Un Apple IIe en train de mesurer le niveau de radiations d'une ogive nucléaire. L'image ne remonte pas aux années 80, elle date de 2017 et elle illustre des recherches, publiées fin 2019, sur l'utilisation de matériel informatique vintage dans le cadre d'un programme de démantèlement d'armes nucléaires.
Le recours à un ordinateur qui a plutôt sa place dans les musées et collections d'amateur s'explique par des critères de sécurité et de confiance.
Lorsqu'une arme nucléaire doit être retirée du service dans le cadre d'un accord de désarmement, on contrôle la signature des radiations qu'elle émet, une sorte de carte d'identité pour vérifier qu'il s'agit bien de l'arme qu'elle est supposée être. Cependant la configuration et les niveaux de plutonium ou d'uranium enrichi utilisés par leurs fabricants relèvent du secret militaire. Obtenir des chiffres trop précis pourrait donner les moyens à une partie adverse d'en savoir un peu plus sur la conception de ces armes.
Il faut donc instaurer une confiance réciproque entre celui qui contrôle et celui qui est contrôlé. Le premier doit s'assurer qu'il obtient de son système de mesure les informations indispensables à l'authentification de l'arme. Le second doit être certain que des informations sensibles ne fuiteront pas à cette occasion, par accident… ou non.
Un tel contrôle se fait soit en comparant les chiffres obtenus avec une grille type établie à partir d'une arme de référence choisie au hasard dans le lot d'un arsenal à contrôler. Soit en s'accordant à l'avance sur des seuils de radiation suffisants pour caractériser l'arme sans pour autant en dévoiler tous les secrets.
Dans un cas comme dans l'autre, ces informations de référence doivent être établies, stockées et elles peuvent elles-même contenir des données (trop) sensibles. Pour pallier ces risques, les systèmes de mesure doivent contenir des « barrières d'information ».
Moritz Kütt et Alexander Glaser, spécialisés dans ces sujets du contrôle des armements, ont conçu un prototype basé sur un vénérable Apple IIe tout à fait standard mais équipé tout de même de deux cartes d'extension (en open source).

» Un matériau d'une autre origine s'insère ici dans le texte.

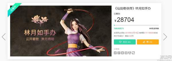 林月如1/7手办从11月20日开始众筹,2018年02月18日结束,目标金额1196000元。林月如官方手办原价668元,众筹价598元,众筹期间下单还可获得由仙剑官方画师寸身言独家绘制的特典主题海报一张,手办配有长鞭和剑两种武器,高约33cm。
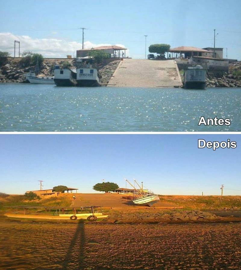 Com a falta de chuva na nascente do Rio São Francisco, o Lago de Sobradinho, no norte da Bahia, vive a maior seca de sua história. Devido à baixa vazão do reservatório, o Rio São Francisco foi recuando e está mostrando a sua pior face em várias cidades que ficam na borda do lago.

Pourquoi un tel retour en arrière ? Tout simplement pour limiter sinon éviter tout risque de manipulations, malheureuses ou intentionnées. Un matériel plus contemporain pourrait receler un logiciel espion pour obtenir plus d'informations que nécessaire. En face, chez le contrôlé, on pourrait vouloir trafiquer les données envoyées en s'appuyant sur des failles du matériel informatique de mesure.

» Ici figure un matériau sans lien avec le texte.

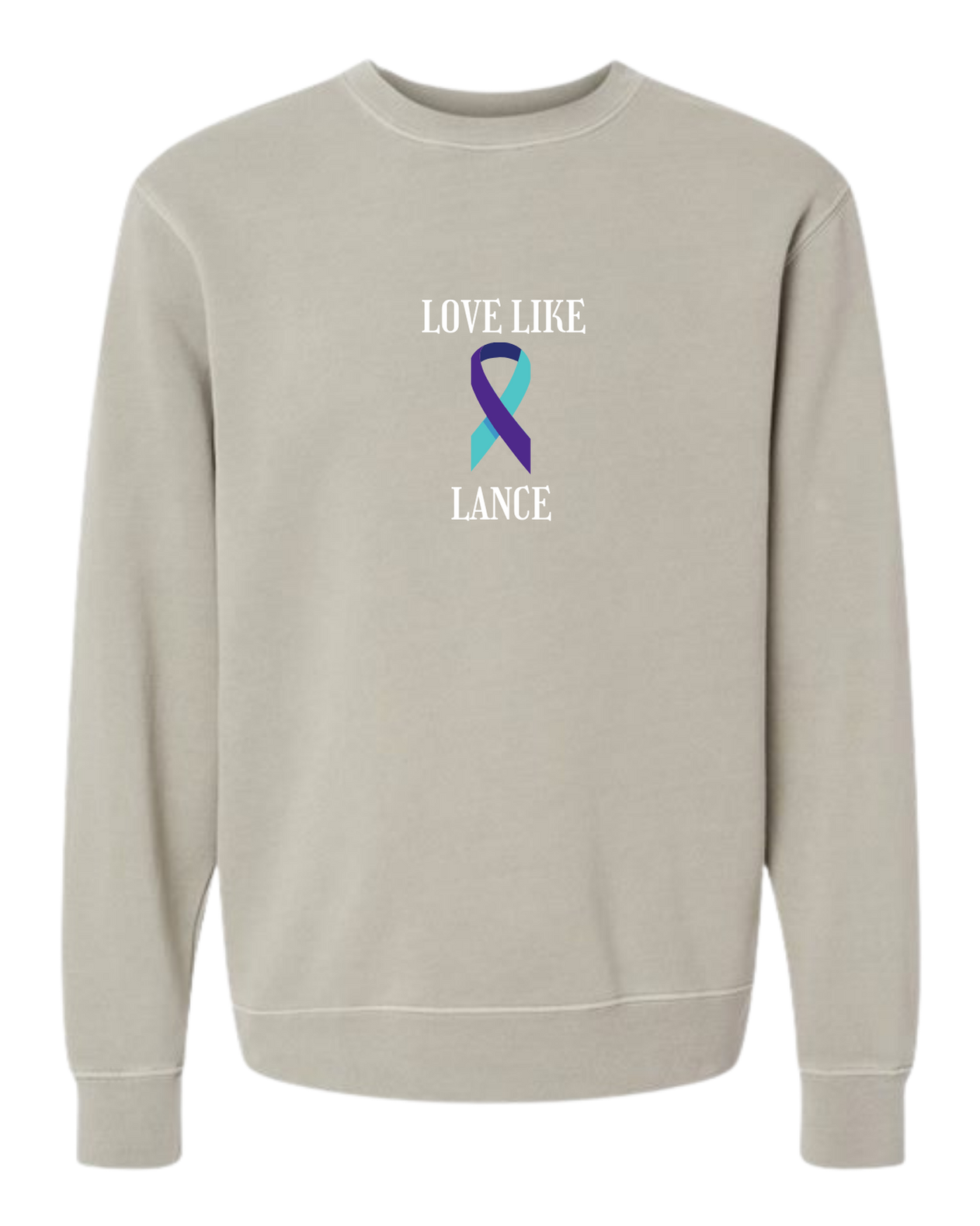 Help us raise awareness and show support for suicide prevention with our Cement color Love Like Lance Suicide Awareness Crewneck. Made with a high-quality and comfortable fabric, this t-shirt serves as a reminder of the importance of mental health. With your purchase, the proceeds will go to support families affected by suicide and mental health resources.

Mais avec un Apple IIe, et plus spécialement son processeur 6502, les capacités de triche sont considérablement réduites voire inexistantes. L'architecture et le fonctionnement de la puce sont archi-connus et, à la date de sa conception, il n'est guère plausible qu'elle ait été pourvue de portes dérobées, de mécanismes cachés, et a fortiori dans l'optique d'être utilisés dans ce contexte de contrôles de démilitarisation.

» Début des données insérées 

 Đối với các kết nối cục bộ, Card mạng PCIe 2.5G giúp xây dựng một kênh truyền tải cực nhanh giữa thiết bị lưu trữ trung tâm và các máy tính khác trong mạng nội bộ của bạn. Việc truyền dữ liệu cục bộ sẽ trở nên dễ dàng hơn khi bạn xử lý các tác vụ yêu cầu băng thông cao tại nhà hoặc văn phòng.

En outre, ce processeur ne contient que 3 500 transistors (moins que n'en contient une ogive nucléaire) et ses capacités de traitement (1 MHz) n'en font pas un foudre de guerre s'il s'agit de se lancer dans des calculs complexes et cachés.
Moritz Kütt et Alexander Glaser ont constaté que cette plateforme était tout à fait apte à conduire ces tests d'une manière fiable, tout en instaurant un climat de confiance entre les parties impliquées.
Ils proposent d'aller plus loin en développant un ordinateur dédié à cette seule fonction de contrôle — donc plus dépouillé encore qu'un Apple IIe — et toujours avec le 6502 comme base. Ils disaient aussi vouloir réfléchir à des moyens de vérifier la provenance du 6502 utilisé pour s'assurer qu'il est bien d'époque. Ou le passer aux rayons X pour observer en détails s'il est bien conforme à un 6502 standard.
Mieux, ils envisageaient de se passer d'un stockage du programme en ROM au profit de cartes perforées pour garantir une totale transparence du code et sa préservation physique.